— Work task —
Exactly reproduce the lines of the listing below from the one containing "أفراد المجتمع المسلم" through the one containing "Höyhenenkevyt kuviollinen silkkipusero.". Skip the images.

§

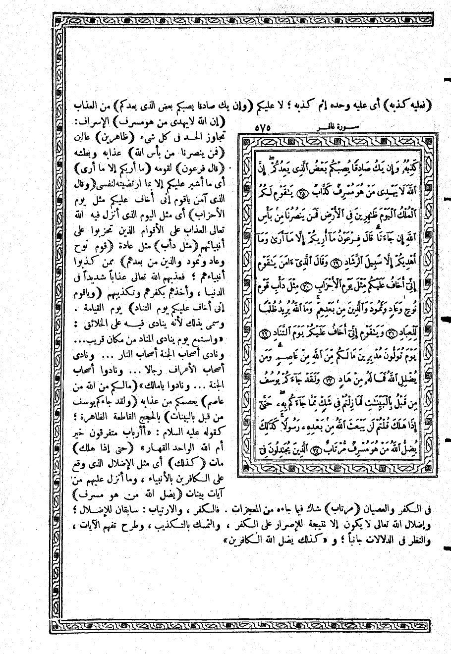 {وَلَقَدْ جَآءَكُمْ يُوسُفُ مِن قَبْلُ بِالْبَيِّنَاتِ} بالحجج القاطعة الظاهرة؛ كقوله عليه السلام: {مُّتَّفَرِّقُونَ خَيْرٌ أَمِ اللَّهُ الْوَاحِدُ الْقَهَّارُ * مَا تَعْبُدُونَ مِن دُونِهِ} {حَتَّى إِذَا هَلَكَ} مات {كَذَلِكَ} أي مثل الإضلال الذي وقع على الكافرين بالأنبياء، وما أنزل عليهم من آيات بينات {يُضِلُّ اللَّهُ مَنْ هُوَ مُسْرِفٌ} في الكفر والعصيان {مُّرْتَابٌ} شاك فيما جاءه من المعجزات. فالكفر، والارتياب: سابقان للإضلال؛ وإضلال الله تعالى لا يكون إلا نتيجة للإصرار على الكفر، والتمسك بالتكذيب، وطرح تفهم الآيات، والنظر في الدلالات جانباً؛ و {كَذَلِكَ يُضِلُّ اللَّهُ الْكَافِرِينَ}.
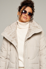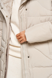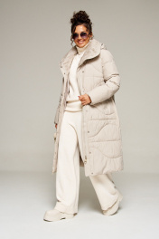 Зимнее, стеганое пальто прямого силуэта для ценителей стиля и практичности. Это отличное сочетание современных материалов и точного кроя. Лёгкое, удобное и классическое пальто подходит для холодных дней, обеспечивая тепло и комфорт в холодную погоду. Идеально сочетает в себе сдержанность и расслабленность, универсальность и гармоничность. Пальто выполнено из прочной, влагостойкой и приятной на ощупь полиэстерной ткани; на синтетической подкладке. Утеплитель холлофайбер 250 г/м. кв. предназначен для использования изделия при температурном режиме от -10 до -25 градусов. Модель прямого силуэта, базового кроя; предназначена для повседневной носки. Перед с симметричными боковыми прорезными карманами с широкой обтачкой, фиксируемые на кнопку. Спинка цельнокроеная. Рукав длинный втачной двухшовный. По низу внутри рукава предусмотрена дополнительная вставка в виде притачной трикотажной манжеты. Воротник тип «апаш» с возможностью застегивания до верха. Внутренняя часть воротника обработана искусственным мехом «норка». Капюшон съемный (на кнопках) умеренного объема. По периметру капюшона протянут шнур в цвет изделия с декоративными металлическими фиксаторами. Застежка центральная на двустороннюю молнию от уровня груди до низа под ветрозащитной планкой и кнопки по краю борта. Низ изделия ровный. Подкладка гладкая с наличием внутреннего кармана слева. К изделию прилагается пояс-завязка.
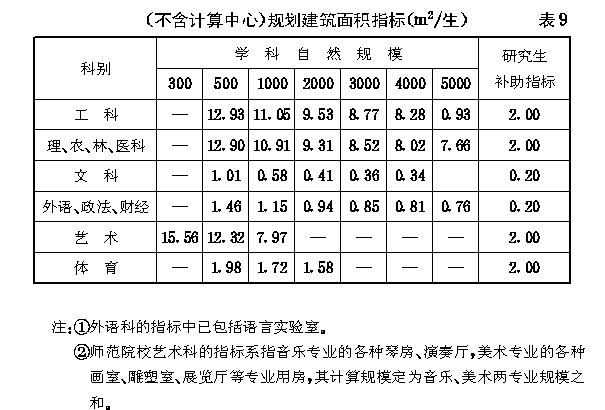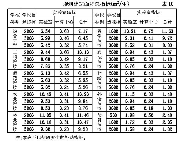 第四节 实验室实习场所及附属用房 第二十条 实验室实习场所及附属用房包括基础课、专业基础课、专业课、自选科研项目所需的各种实验室、实习工厂农场牧场林场、实验室的附属用房(准备室、天平室、仪器室、标本室、模型室、陈列室、动物室、充电室、空调室、更衣室、实验人员办公室等)、全校公用的计算中心等。个别学校设立的分析测试中心应专案报批,不在本指标之内。专职科研机构的实验室、资料室、生产性工厂农场林场、医学院的附属医院、师范院校的附中附小幼儿园等均不在本指标之内。 第二十一条 按科类分的实验室实习场所及附属用房(不含计算中心)的规划建筑面积指标不宜超过 表9 的规定。 第二十二条 按学校类别分的实验室实习场所及附属用房的规划建筑面积总指标不宜超过 表10 的规定。 |
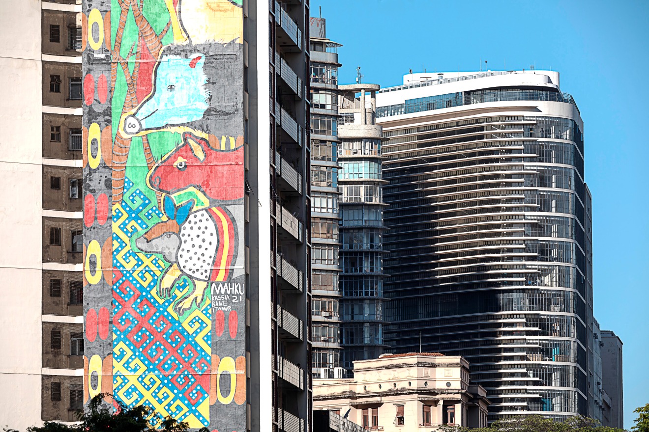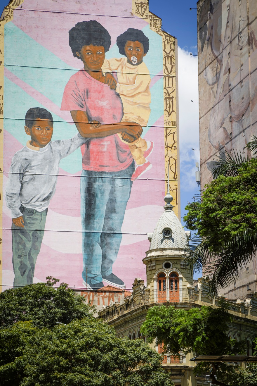 – Murais em fachadas de edifícios como o Copacabana, Roma e Rochedo.
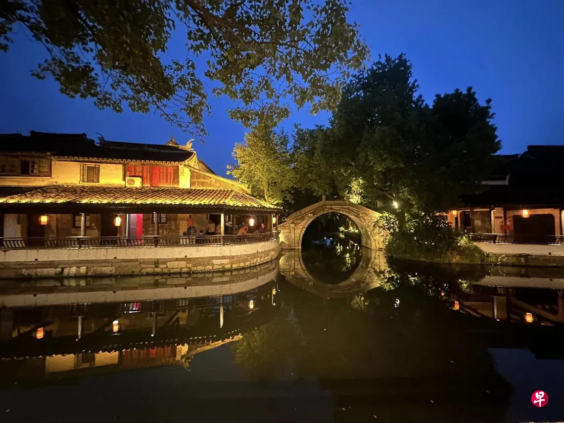下榻的“水岸寒舍”就在黎里古镇倚水廊棚旁,由老宅整修而成的精品酒店。一进门,外面的日光挡住了,一进进的小弄深邃幽静,灯笼照明。在三进的“梨花里”推门而入,庭院大花缸,斑驳的墙面,古宅气息扑鼻。二楼窗外,鸟儿飞过檐瓦白墙。
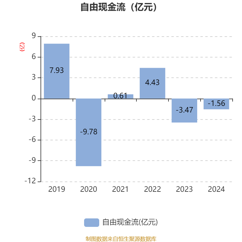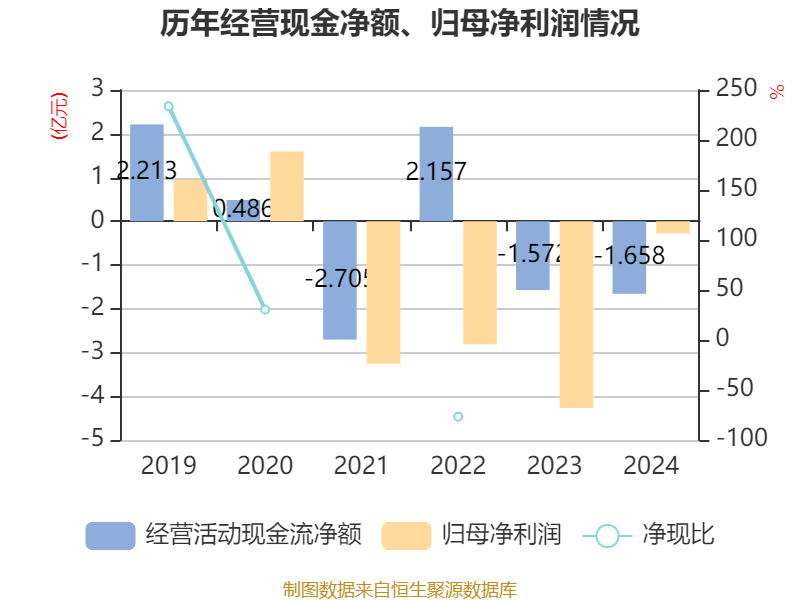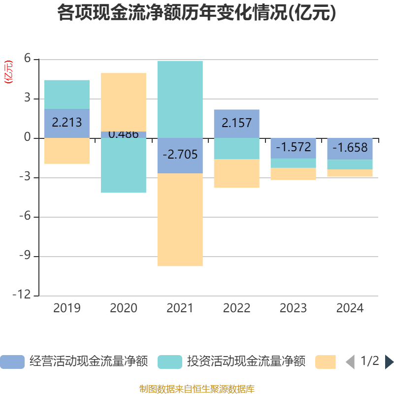 截至2024年,公司经营活动现金流净额为-1.66亿元,同比减少863.78万元;筹资活动现金流净额-5494.23万元,同比增加3729.36万元;投资活动现金流净额-7407.16万元,上年同期为-7103.32万元。
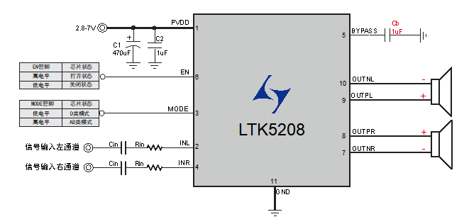 LTK5208是一款3Ω-7.9W、双声道F类音频功率放大器。LTK5208采用高耐压工艺,耐压可达7V。LTK5208具有一线脉冲功能,可控制单个管脚使功放芯片进入D类、AB类模式、关断模式,达到节省IO口的目的,如不使用一线脉冲功能,也可分别控制EN和MODE管脚, 方便地切换为各个工作模式,LTK5208在 AB类模式可以完全消除EMI干扰。在D类放大器模式下可以提供高于90%的效率,新型的无滤波器结构可以省去传统D类放大器的输低通滤波器,LTK5208独有的DRC(Dynamic range control)技术,降低了大功率输出时,由于波形切顶带来的失真,相比同类产品,动态反应更加出色。LTK5208采用ESOP-10封装。
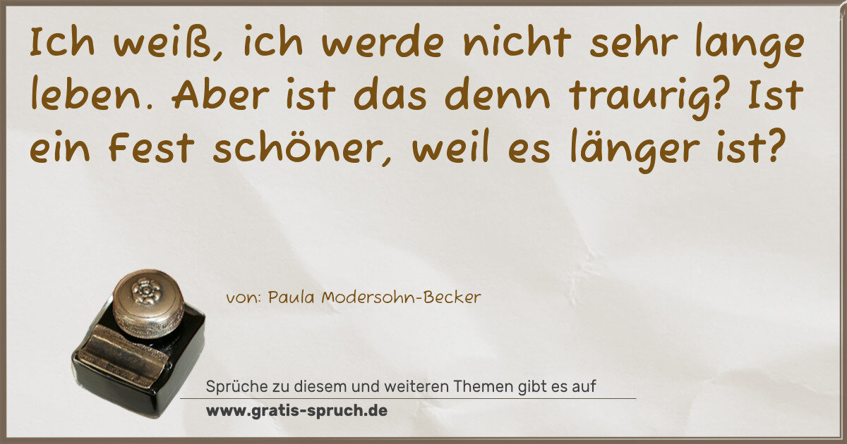 Ich weiß, ich werde nicht sehr lange leben. Aber ist das denn traurig? Ist ein Fest schöner, weil es länger ist?
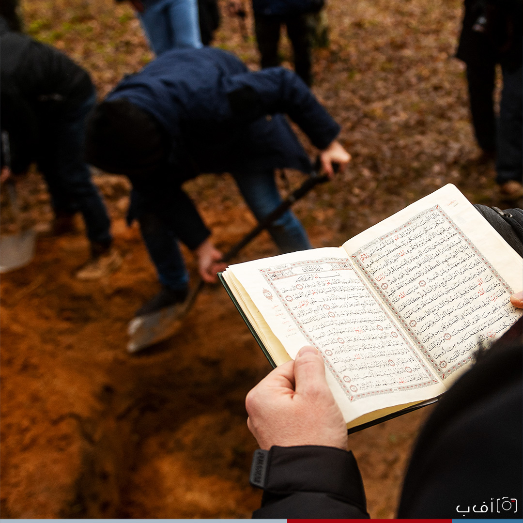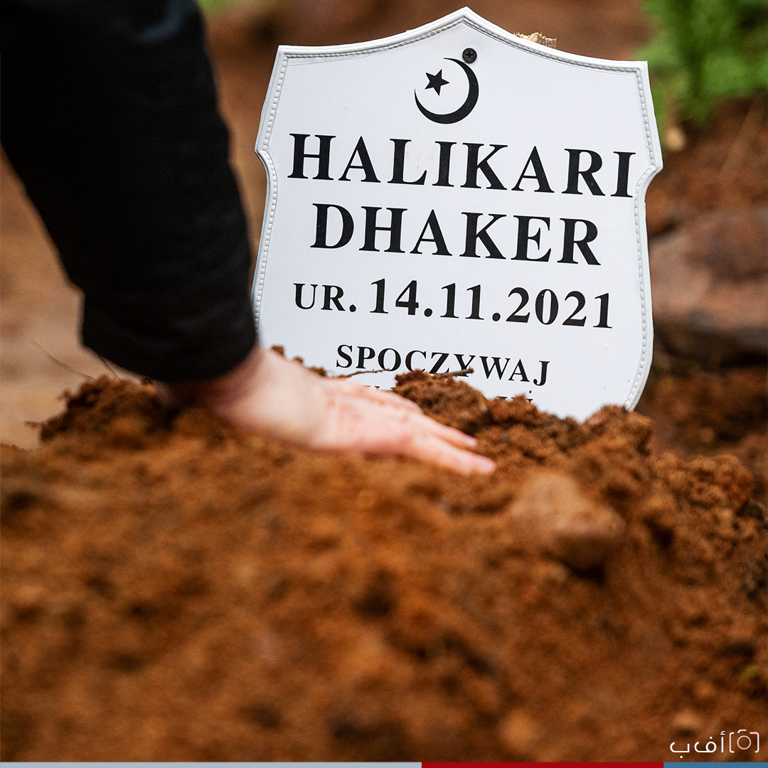 أفراد المجتمع المسلم المحلي دفنوا الجنين وعمره 27 أسبوعا في مقبرة إسلامية بعد أن ولدته مهاجرة عراقية ميتا إثر عبورها الحدود من بيلاروس إلى بولندا.
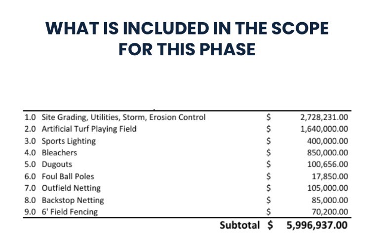 Town officials have said the stadium can be built for $6 million. However, information presented at the meeting indicated the project is already estimated at $5,996,937 million without several key components.
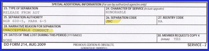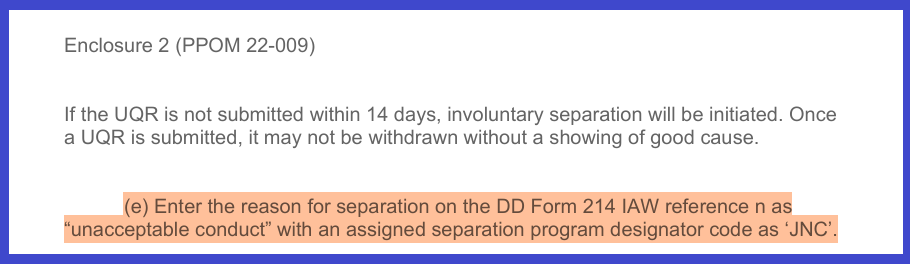 Interestingly, for all Army National Guard (ARNG) soldiers on Title 10 active duty who refused the vax, Gary discovered there was guidance that directed the chain of command to use “the JNC code” on a service member’s DD-214. The JNC code is military separation code represents an involuntary discharge for unacceptable conduct.
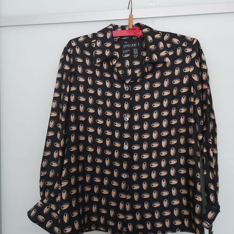 Höyhenenkevyt kuviollinen silkkipusero. Puoliksi läpikuultava. Hihansuissa ja vyötärökaitaleessa napit. Mitat kuvissa.
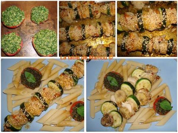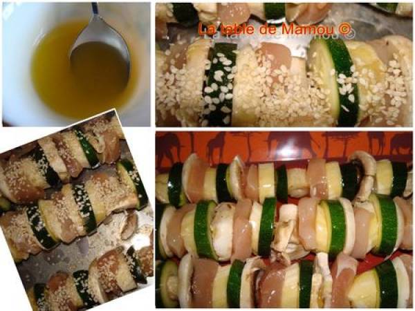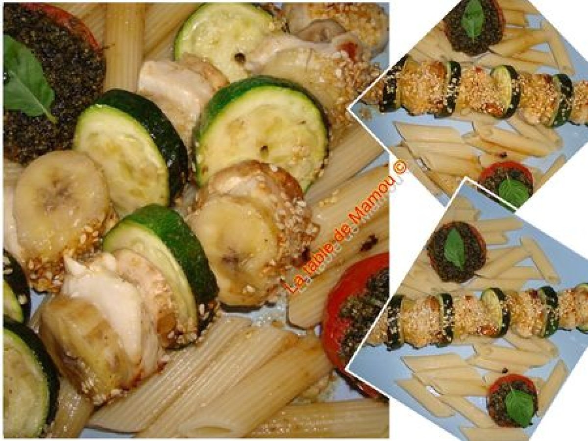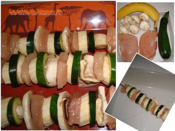 Brochettes de poulet, banane, courgette et champignons votez maintenant Platfacile35 min Envoyer cette recette à un ami Imprimer cette page Poser une question à l'auteur Publier votre photo de cette recette Ingrédients 2 2 escalopes de poulet 6 champignons de Paris 1 petite courgette 1 banane 1 cuillère à soupe de miel d'acacia 1 cuillère à soupe d'huile d'olive 1 cuillère à soupe de jus de citron 2 cuillères à soupe de sésame 2 tomates 1 craquotte, persil aïl sel poivre Pâtes
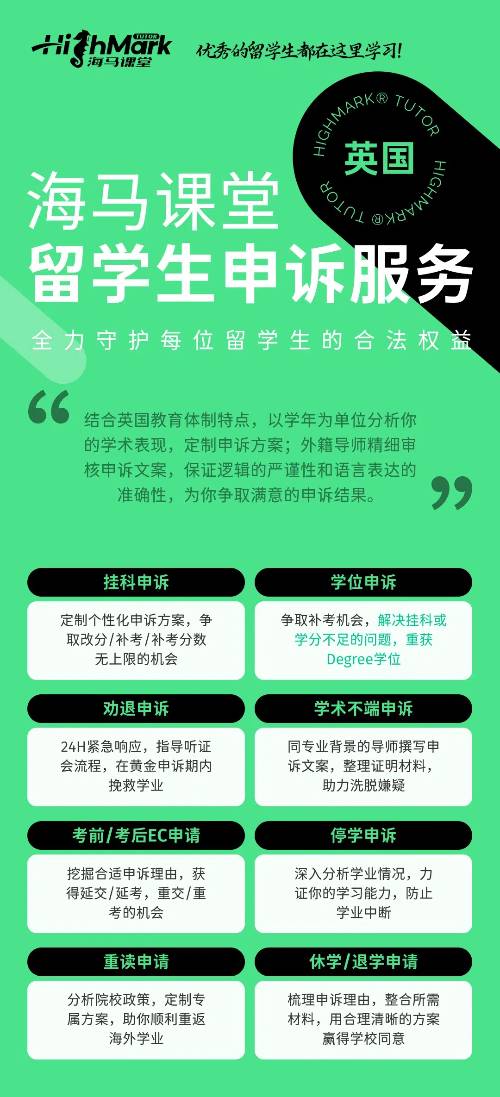 在 KCL 數(shù)學(xué)系遇到掛科問(wèn)題時(shí),不要驚慌失措。先仔細(xì)了解學(xué)校的掛科政策,然后根據(jù)自身情況選擇合適的處理方法。HighMark 申訴項(xiàng)目組將憑借其專(zhuān)業(yè)優(yōu)勢(shì),全力協(xié)助同學(xué)們應(yīng)對(duì)掛科危機(jī),保障學(xué)業(yè)的順利進(jìn)行。如果您正處于掛科困境中,歡迎隨時(shí)聯(lián)系 HighMark 申訴項(xiàng)目組,開(kāi)啟您的學(xué)業(yè)挽救之旅。
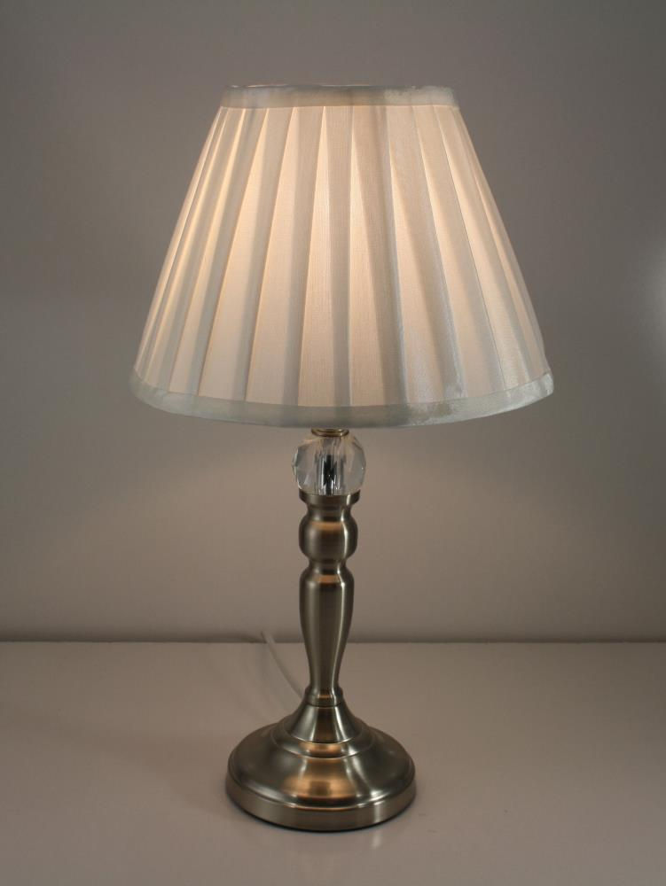 Victoria touch lamp available in antique brass base with gold shade, polished chrome base with white shade or satin nickel base with cream shade.
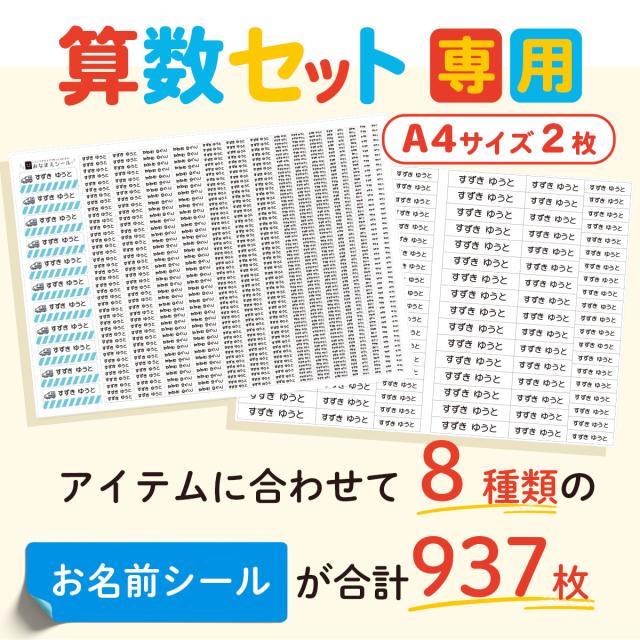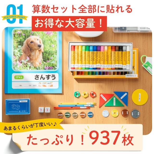 A4 + A4 算数セットシール シンプル 大容量937枚 入学準備 算数セット/小学校 食洗機 レンジ 防水 漢字★おなまえシール/お名前シール/
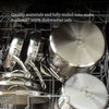 SEALED, FLARED RIMS - Pots and pans are equipped with sealed rims that are encapsulated in stainless steel to protect against delamination and pitting and flared to offer perfect drip-free pouring.
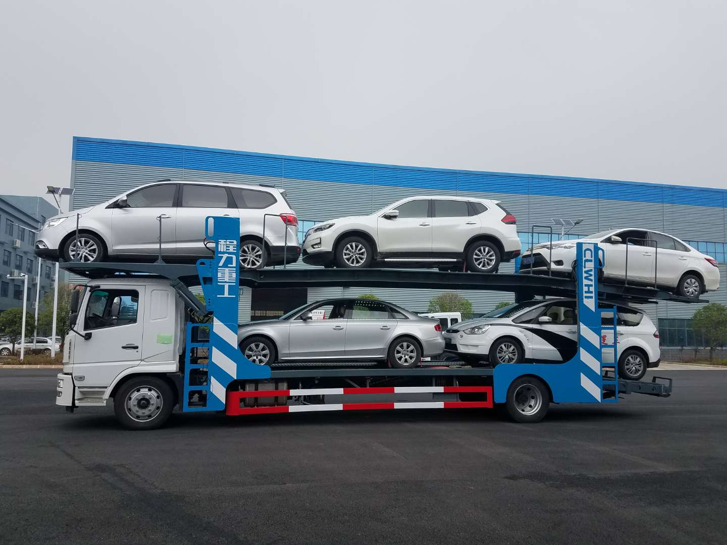 湖北程力公司自有生產車間和生產資質,專業制造銷售車輛運輸式半掛車,單車,6車位8車位
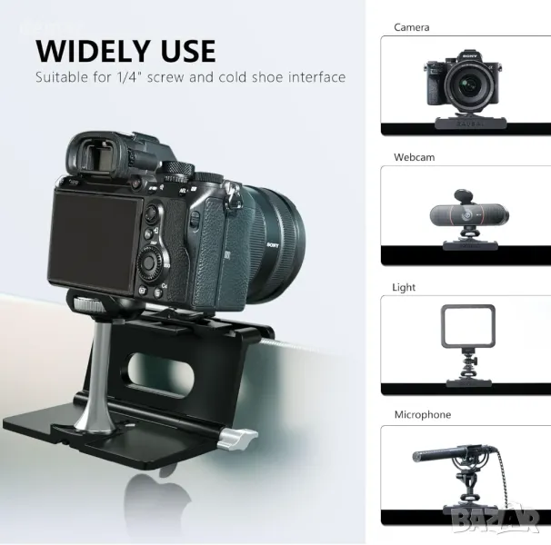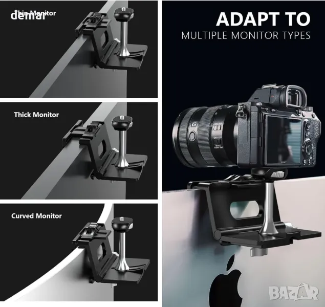 Стойката за камера на монитора разполага с подобрен дизайн на затягане за съвместимост с извити монитори с ширина до 1,4", предлагайки стабилна, регулируема настройка, която предотвратява преобръщане напред. С интерфейс с винт 1/4" поддържа различни устройства като камери, уеб камери, микрофони , и видео светлини. Компактният му дизайн спестява място на бюрото, елиминира нуждата от статив и е лесен за пренасяне и съхранение. Идеален за стрийминг на живо, видеоконференции, създаване на съдържание, онлайн преподаване и фотография.

§

— Response area —
 أفراد المجتمع المسلم المحلي دفنوا الجنين وعمره 27 أسبوعا في مقبرة إسلامية بعد أن ولدته مهاجرة عراقية ميتا إثر عبورها الحدود من بيلاروس إلى بولندا.
 Town officials have said the stadium can be built for $6 million. However, information presented at the meeting indicated the project is already estimated at $5,996,937 million without several key components.
 Interestingly, for all Army National Guard (ARNG) soldiers on Title 10 active duty who refused the vax, Gary discovered there was guidance that directed the chain of command to use “the JNC code” on a service member’s DD-214. The JNC code is military separation code represents an involuntary discharge for unacceptable conduct.
 Höyhenenkevyt kuviollinen silkkipusero. Puoliksi läpikuultava. Hihansuissa ja vyötärökaitaleessa napit. Mitat kuvissa.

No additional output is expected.